Exercise inputs.
= = = =

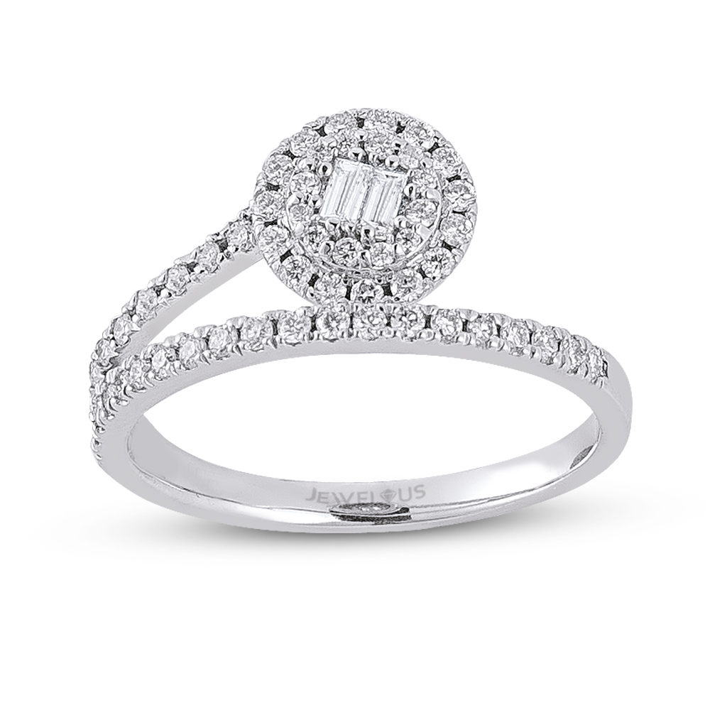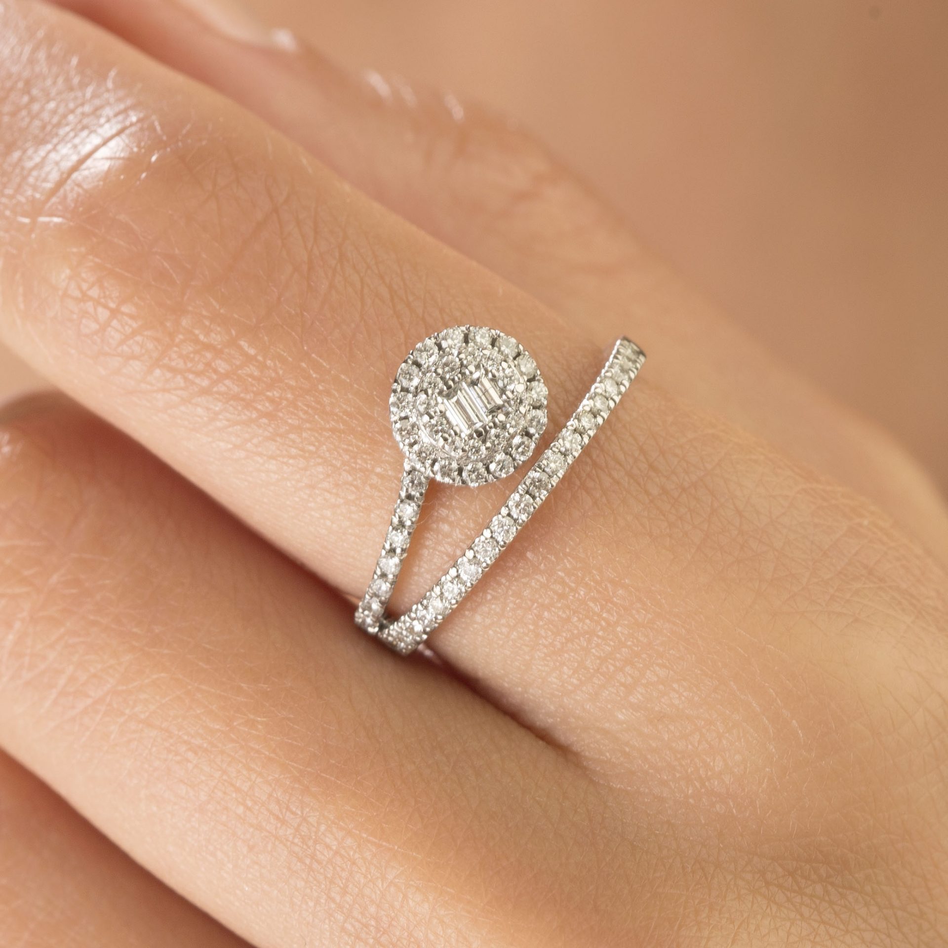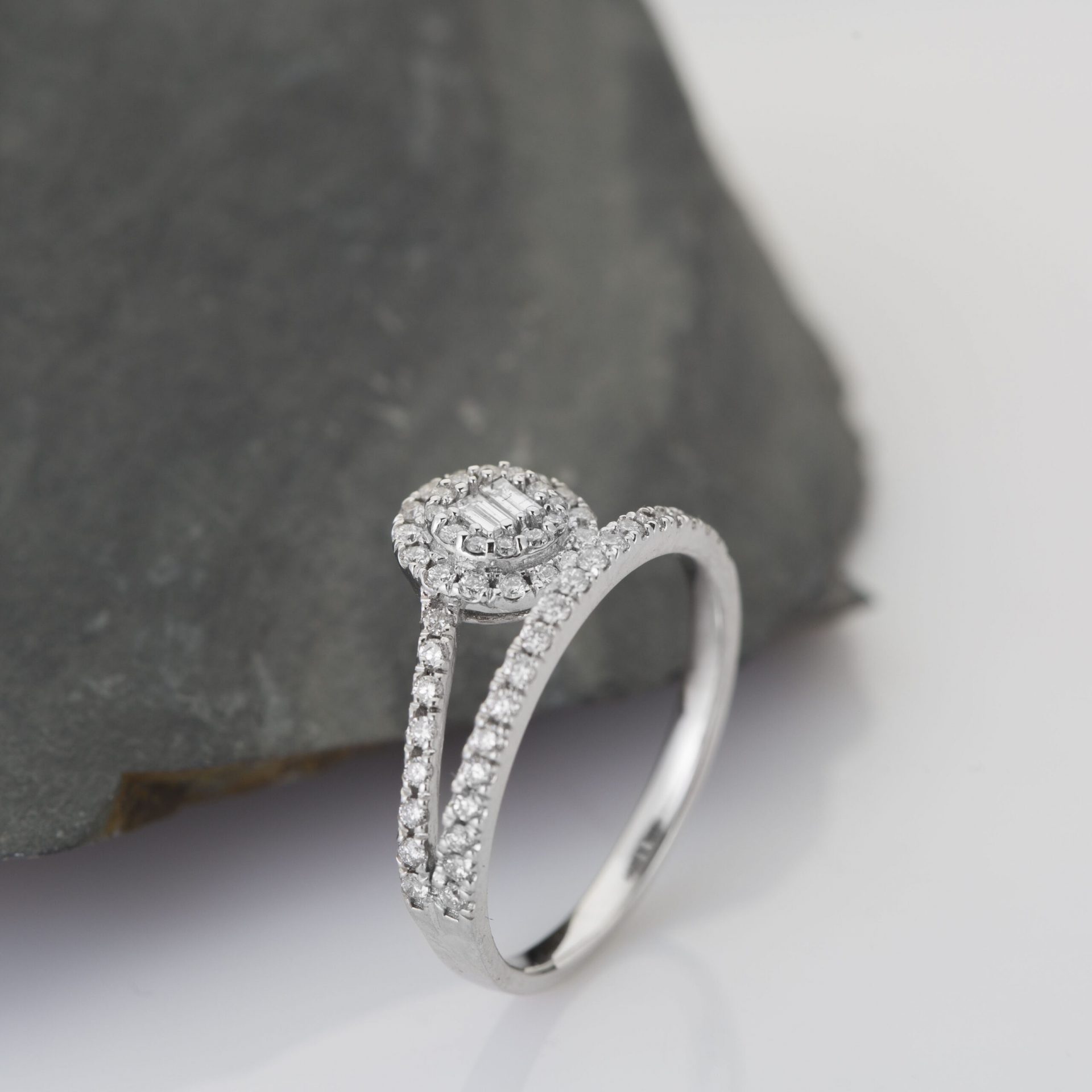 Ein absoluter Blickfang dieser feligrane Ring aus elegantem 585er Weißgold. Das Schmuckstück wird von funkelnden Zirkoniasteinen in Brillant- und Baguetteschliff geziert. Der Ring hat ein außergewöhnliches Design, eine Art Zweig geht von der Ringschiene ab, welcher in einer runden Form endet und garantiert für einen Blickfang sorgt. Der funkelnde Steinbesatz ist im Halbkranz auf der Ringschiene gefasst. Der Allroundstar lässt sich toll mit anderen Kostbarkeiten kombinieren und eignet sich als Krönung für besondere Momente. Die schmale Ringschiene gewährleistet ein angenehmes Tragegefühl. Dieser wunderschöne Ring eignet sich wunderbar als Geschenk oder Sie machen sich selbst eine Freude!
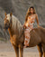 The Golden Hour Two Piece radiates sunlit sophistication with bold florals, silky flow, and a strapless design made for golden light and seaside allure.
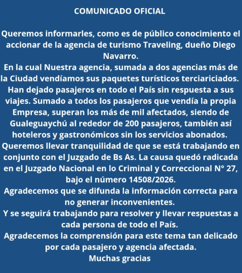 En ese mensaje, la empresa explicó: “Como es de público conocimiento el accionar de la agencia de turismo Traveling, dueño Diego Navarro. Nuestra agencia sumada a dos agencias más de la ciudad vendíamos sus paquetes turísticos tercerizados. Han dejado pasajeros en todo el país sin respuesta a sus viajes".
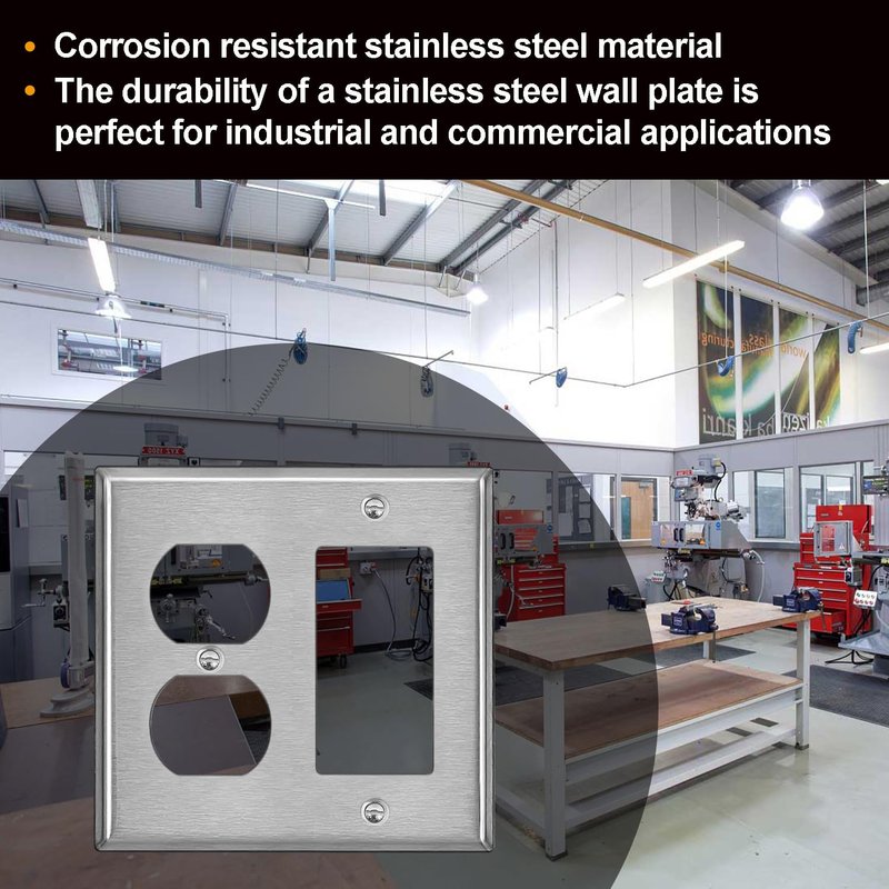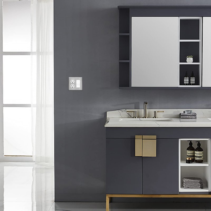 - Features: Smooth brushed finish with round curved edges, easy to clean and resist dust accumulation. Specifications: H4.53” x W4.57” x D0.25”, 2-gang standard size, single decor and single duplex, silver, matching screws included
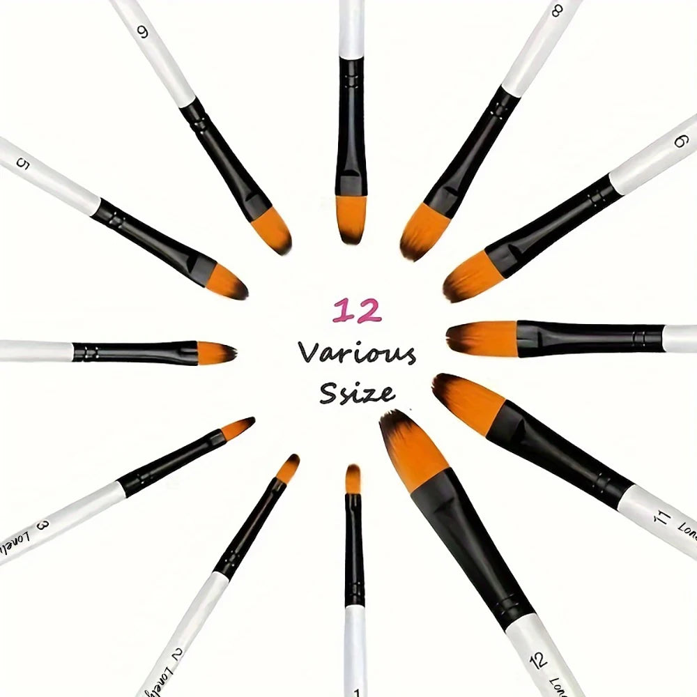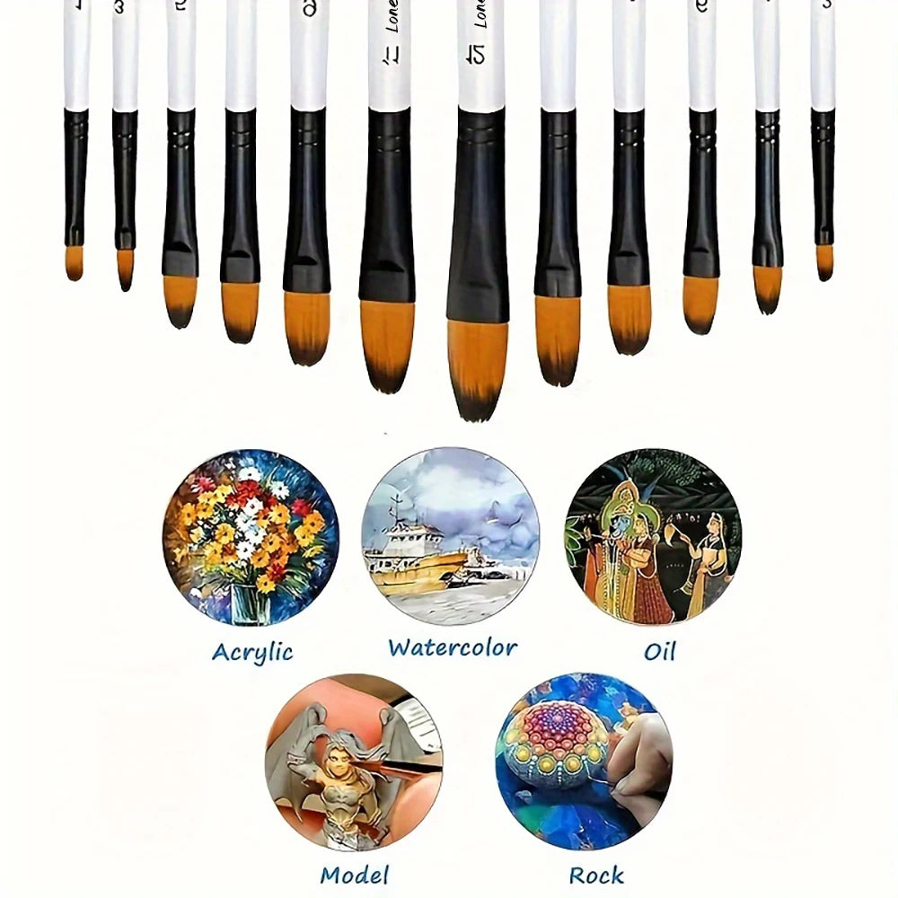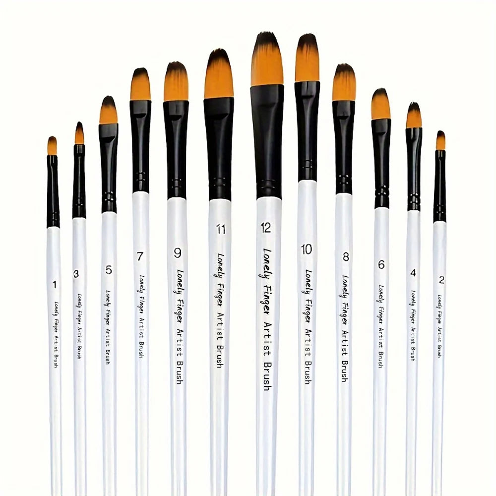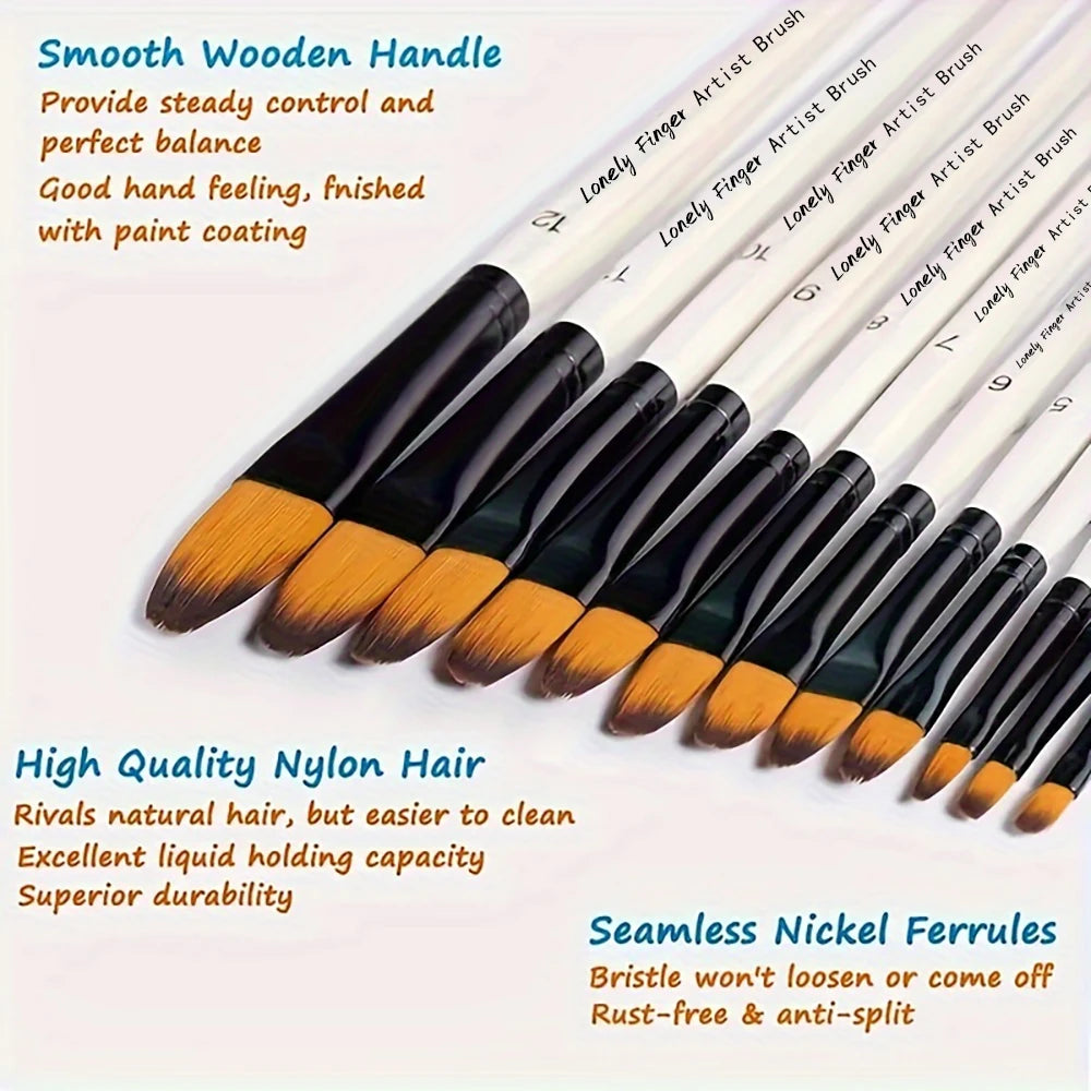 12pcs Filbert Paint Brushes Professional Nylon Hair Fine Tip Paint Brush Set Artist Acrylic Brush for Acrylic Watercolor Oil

= = = =

Exercise prompt. Take the lines from the one that contains "- Features: Smooth" through the last line of the material above and reproduce them exactly, leaving out any pictures.

Answer to this problem.
 - Features: Smooth brushed finish with round curved edges, easy to clean and resist dust accumulation. Specifications: H4.53” x W4.57” x D0.25”, 2-gang standard size, single decor and single duplex, silver, matching screws included
 12pcs Filbert Paint Brushes Professional Nylon Hair Fine Tip Paint Brush Set Artist Acrylic Brush for Acrylic Watercolor Oil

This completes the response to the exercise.